# Paying online for PS3



## NIKEZ (Mar 31, 2010)

One of my friends said that by the end of the year, PS3 owners are going to have to pay for online gaming. Is this true?


----------



## Blackmirror (Dec 5, 2006)

http://www.nzherald.co.nz/games/news/article.cfm?c_id=38&objectid=10611339


----------



## NIKEZ (Mar 31, 2010)

So people can still play online, but won't have the same privileges as the people who do pay?


----------



## Blackmirror (Dec 5, 2006)

I would keep an eye out on the news


----------



## loserOlimbs (Jun 19, 2004)

Friends don't let friends buy Sony


----------



## Gulo Luseus (May 12, 2007)

Until it happens, you will not know. Same as everything else - rumours, statements, and until the day it kicks off, nothing concrete.
Wait and see, not a lot else todo


----------



## pugly (Jul 23, 2003)

The trend is, as time goes on, prices on all things video game related should go DOWN. The price of the PS3 is still a big issue with lost of people. One saving grace is the online play is free. I know for me personally being on the fence about buying, having to pay extra for the online will push me off of it. 

If they do do that, I think Microsoft should seize the opprotunity to boost xbox sales by making their online service free at the same time sony begins charging.


----------



## swattz101 (Jul 19, 2010)

The above article quoted by Blackmirror is from Nov. 24th 2009. The actual PSN+ service recently came out and there is information on the net about it. The official link is here http://us.playstation.com/psn/playstation-plus/.

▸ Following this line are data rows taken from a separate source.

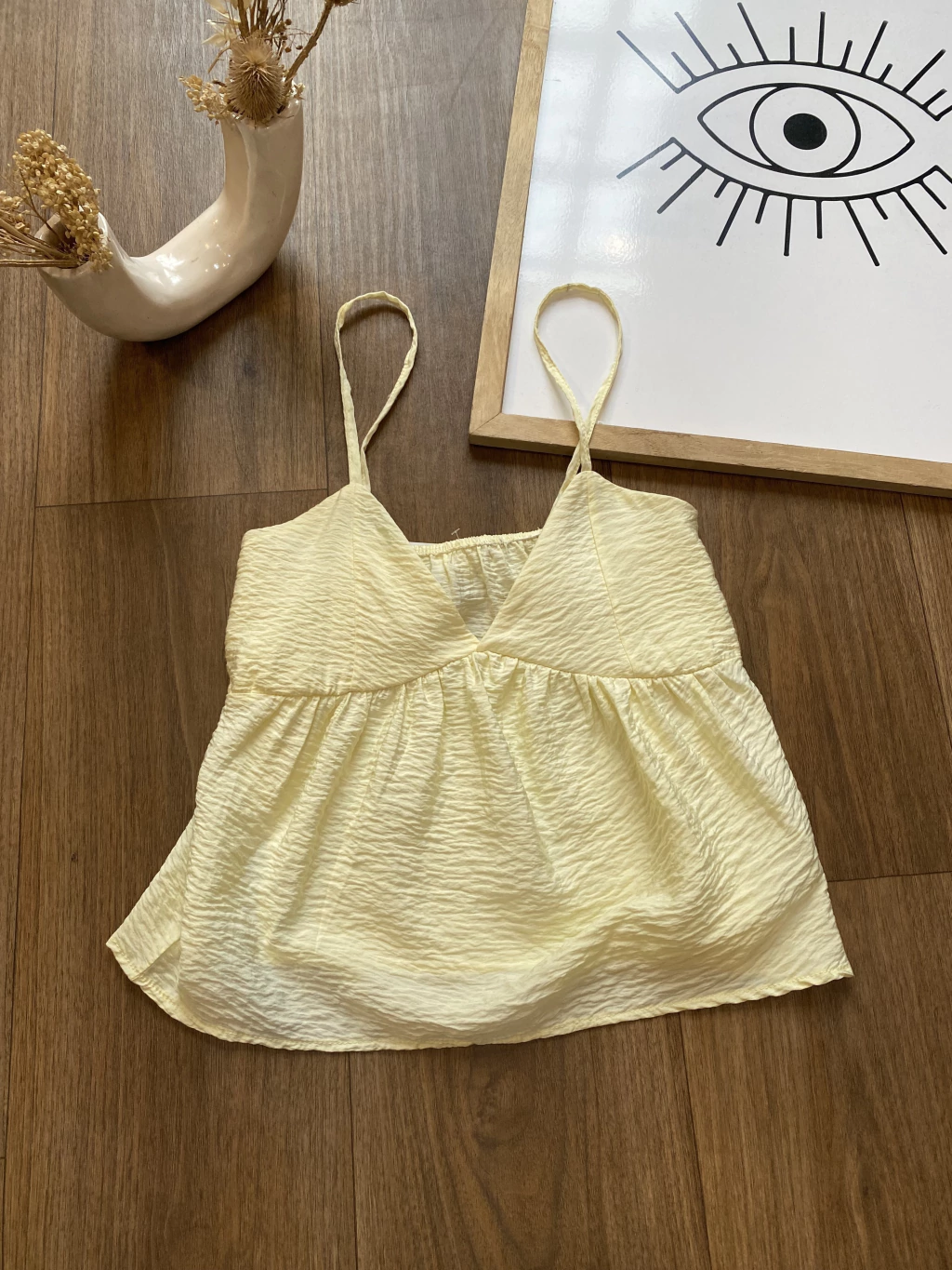 Blusa bretel con recorte y frunce elastico en la espalda.
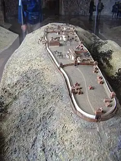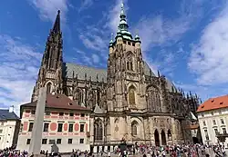 The construction of what came to be known as Prague Castle began near the end of the 9th century, expanding a fortified settlement that had existed on the site since the year 800.[26] The first masonry under Prague Castle dates from the year 885 at the latest.[27] The other prominent Prague fort, the Přemyslid fort Vyšehrad, was founded in the 10th century, some 70 years later than Prague Castle.[28] Prague Castle is dominated by the cathedral, which began construction in 1344, but was not completed until the 20th century.[29]
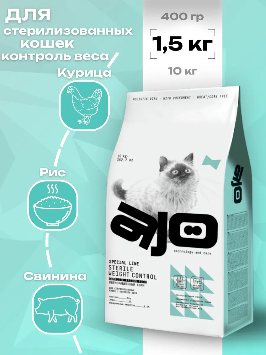 | Package contents | 1 package of AJO Cat holistic Sterile Weight Control dry food for sterilized cats 1.5 kg |
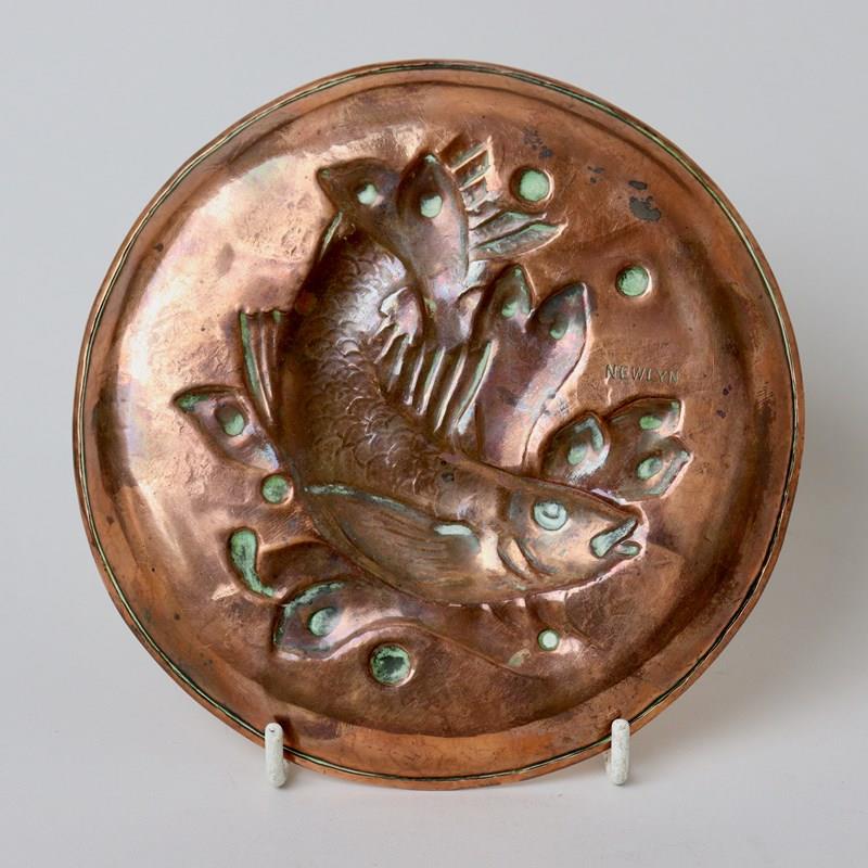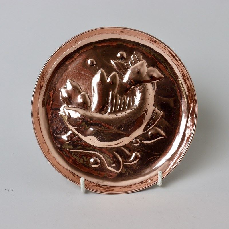 A small, Newlyn Copper tray. This is marked “NEWLYN” to the reverse of the tray, and it dates from c.1900. The design depicts a fish and is typical of the designs produced by the Newlyn Copper works from their inception in 1890 to when they closed about 30 years later. It is in excellent condition. The face has been polished but the reverse has not and it retains its original patina.
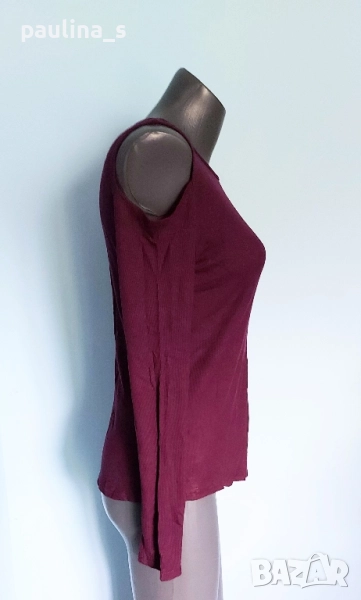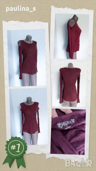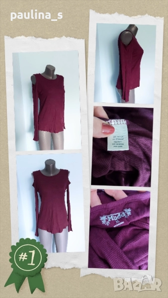 5️⃣. Колаж / L / 3XL / "Mudd". Цената е крайна 19,99лв / 10 евро. Лилава еластична блуза с дълъг ръкав и открити рамене. Долната част е заоблена, като туника. Материята е раион и покрива няколко размера. Без дефекти и етикет, като нова.
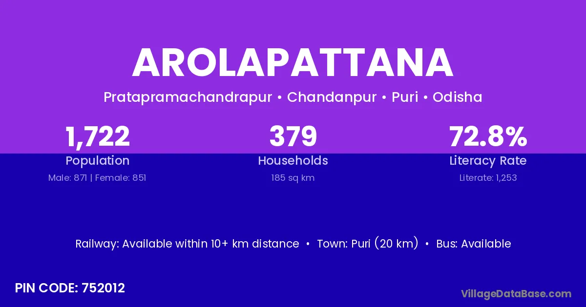 Puri (20 km) is the nearest town to Arolapattana village for major economic activities and is located approximately 20 km away.
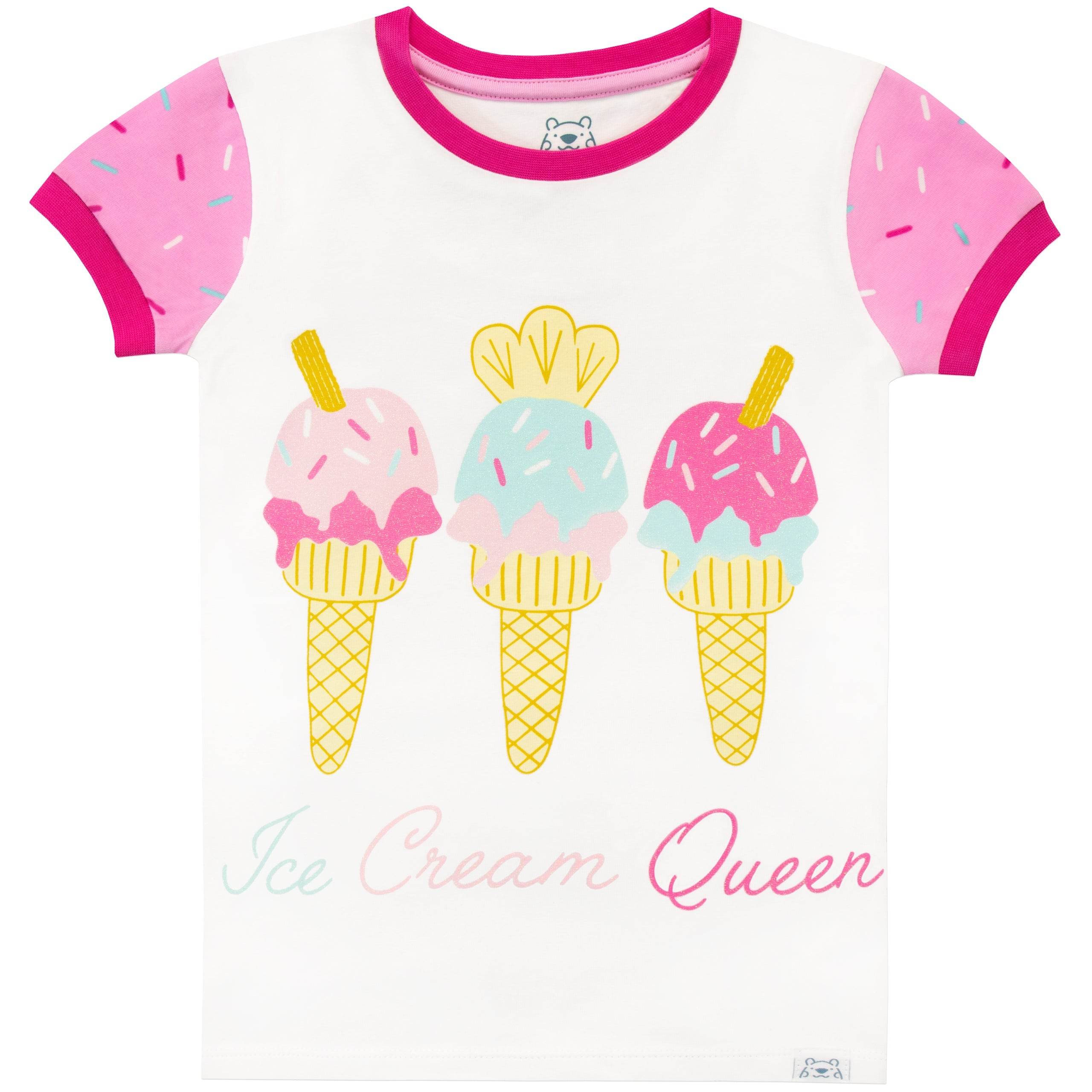 Ice cream queens can always have the sweetest dreams in these adorable short PJ's! Harry Bear has designed these cool jammies for a summertime treat. The short sleeve top features a colourful glittered print of ice cream cones "Ice Cream Queen" slogan that will make their hearts melt. The pyjama shorts have an all over motif of sugar sprinkles against a vibrant pink.
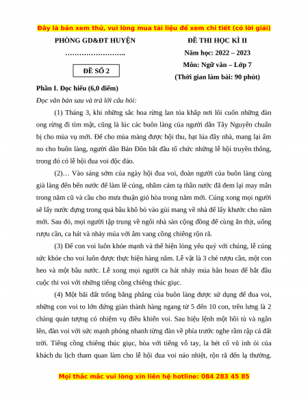 Câu 7 D. Cụ thể lễ hội đua voi 0,5 điểm
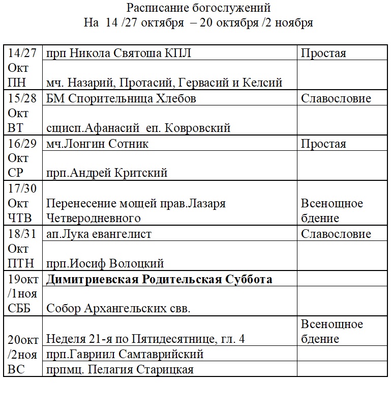 Расписание богослужений
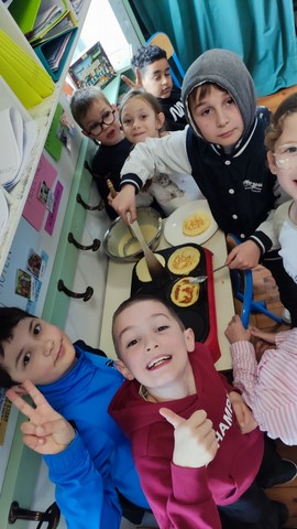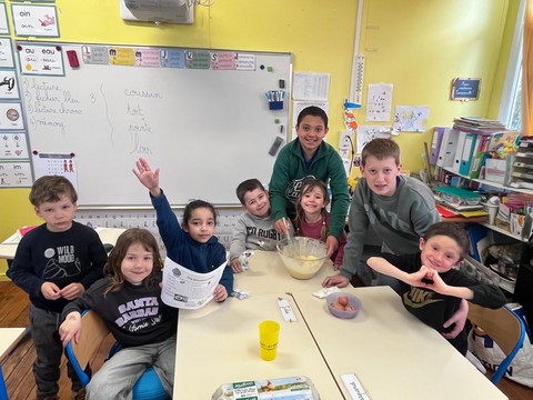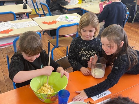 Ce jeudi 26 mars, tous les enfants de l'école ont préparé des pancakes après avoir étudié la recette en anglais.Les plus grands ont aidé les plus petits. Ces pancakes ont été dégustés, accompagnés de sirop d'érable, l'après-midi, à l'occasion du carnaval.
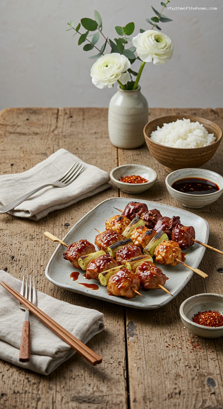 Make the tare up to 1 week ahead; refrigerate in a sealed jar (or freeze up to 3 months). Skewer chicken and tsukune up to 1 day ahead; cover and refrigerate. Leftover cooked skewers keep 3 days in the fridge; reheat in a 375°F oven or air fryer for 6–8 minutes until hot and edges re-crisp. Rice keeps 3–4 days; reheat with a sprinkle of water and cover to steam.
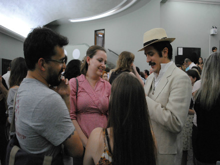 Eduardo Mossri se dirigiu ao Hall do Cine-Teatro Ópera e coletou informações com o público para serem usadas na peça
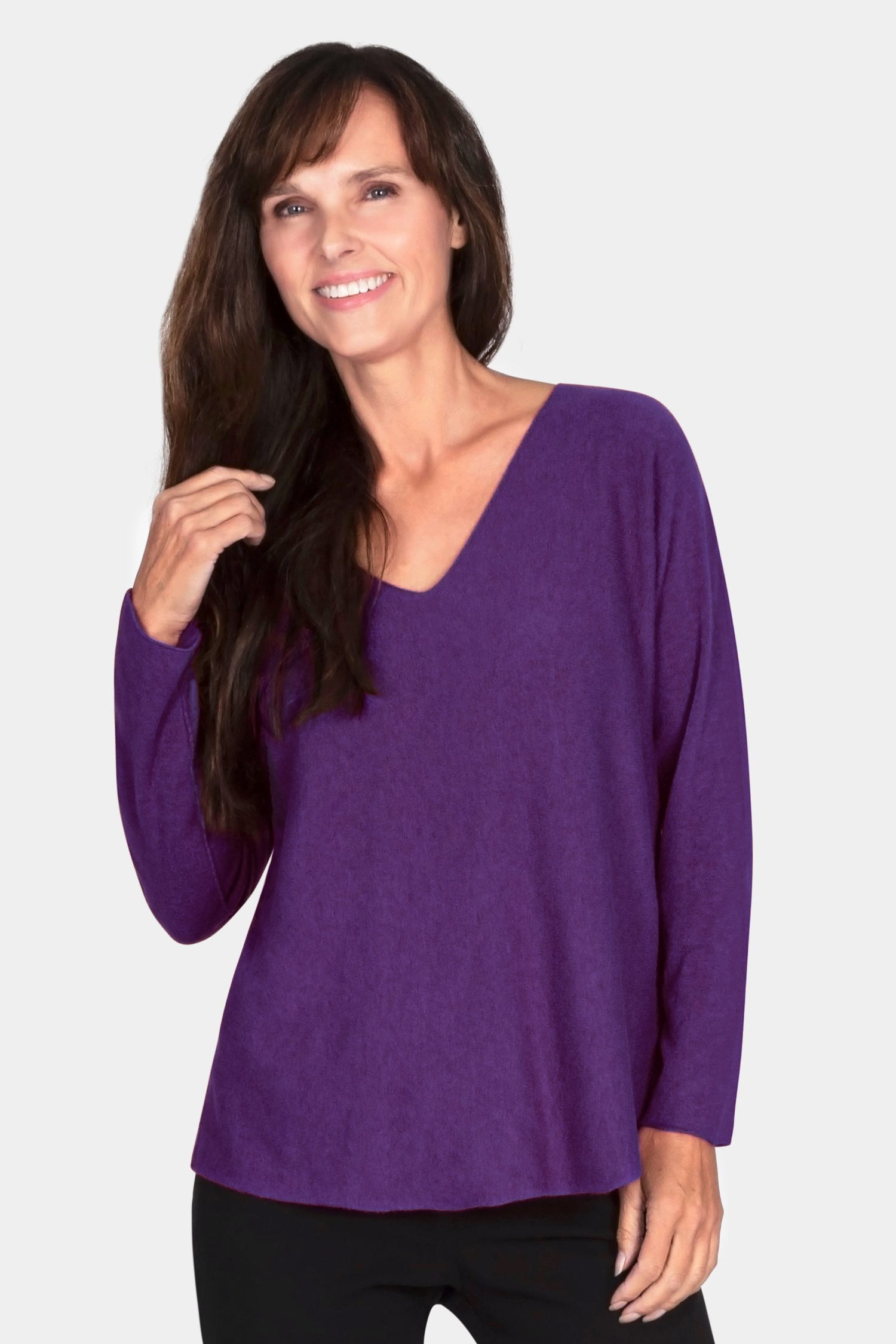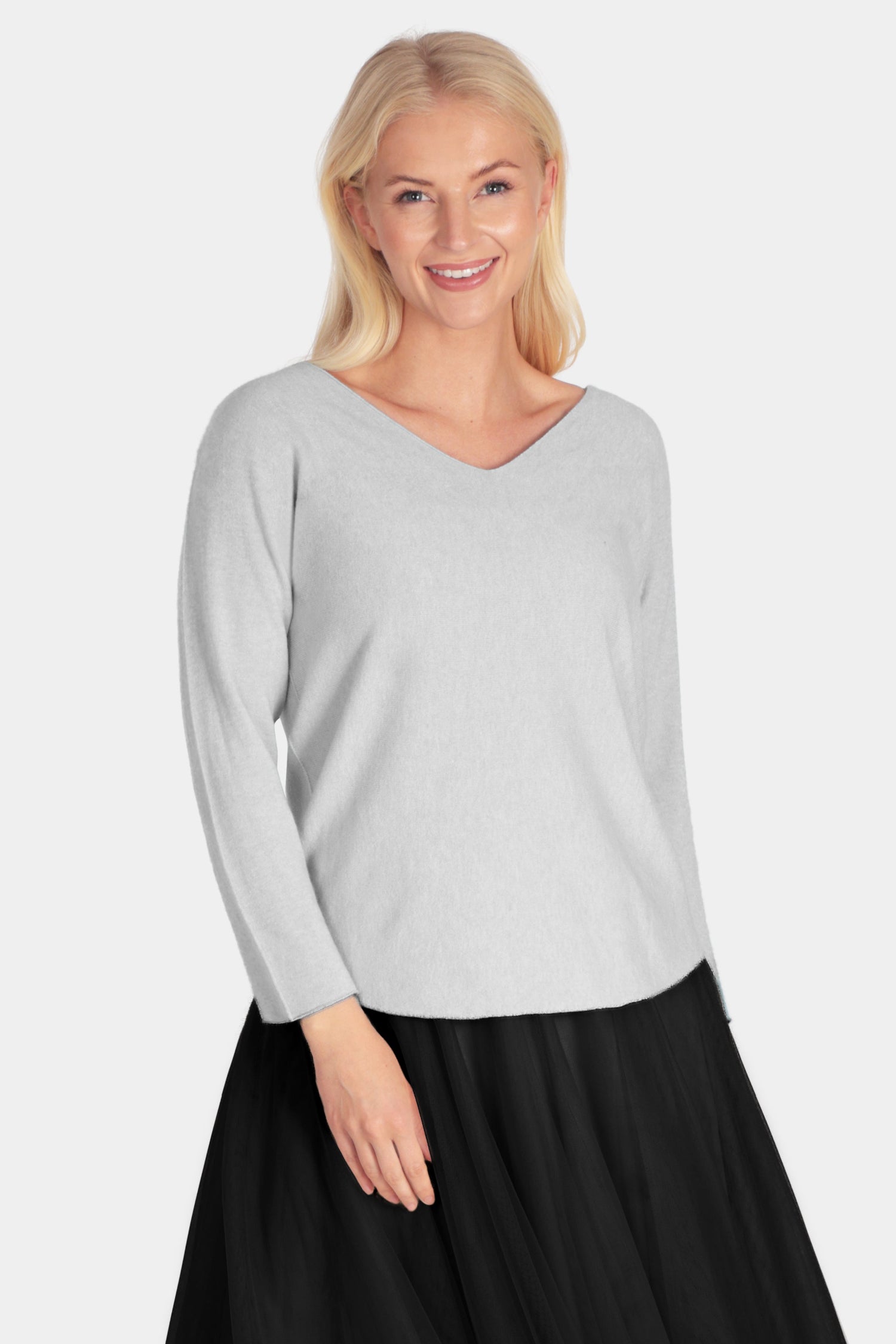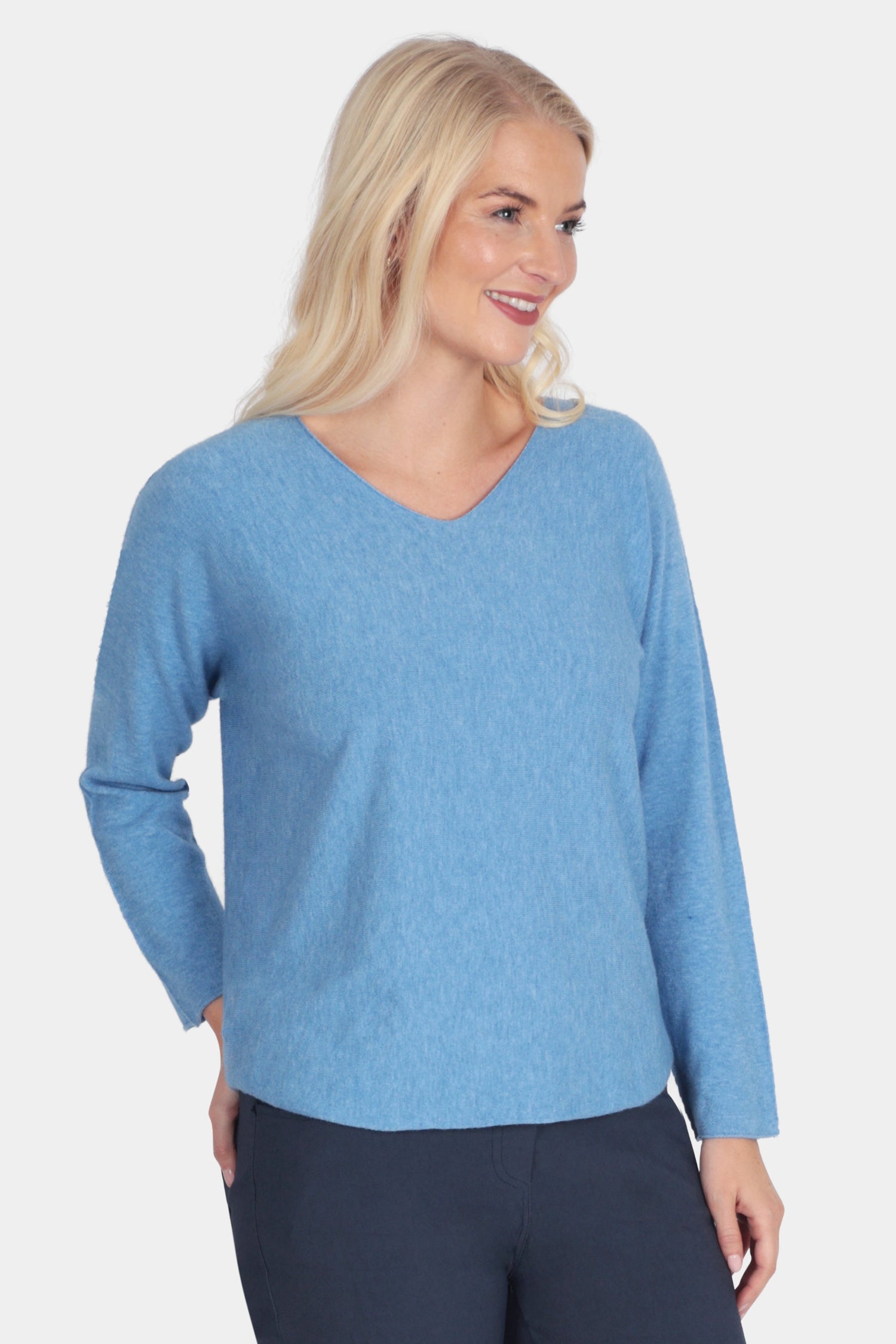 A lightweight everyday jumper in our finer Cloud One yarn. Designed with a feminine V-neckline and a neat, flattering fit through the body, this women’s knitwear style is easy to wear solo or as a soft under layer beneath jackets and cardigans.

Basically, from what I understand, online game play will stay the same, though they may add extra online features that are for PSN+ only, such as access to special servers. I have not confirmed this. What is confirmed is that if you are a subscriber, you will get early access to betas (the Hulu+ beta is currently running for PSN+ but will be available to all PS3 users for a $9.99 monthly sub when it goes live), full game demos, early access to some demos, free content, such as Download Content packs that regular PSN members have to pay for, free games (Currently Little Big Planet is free this month). The catch on the free content is if you ever let your sub lapse, you loose access to the free content. From what I understand, if you resub, you gain back access, but some people are worried that you might loose it permanantly. For more info, see the above link.


----------



## NIKEZ (Mar 31, 2010)

Good find, thanks Swattz101


----------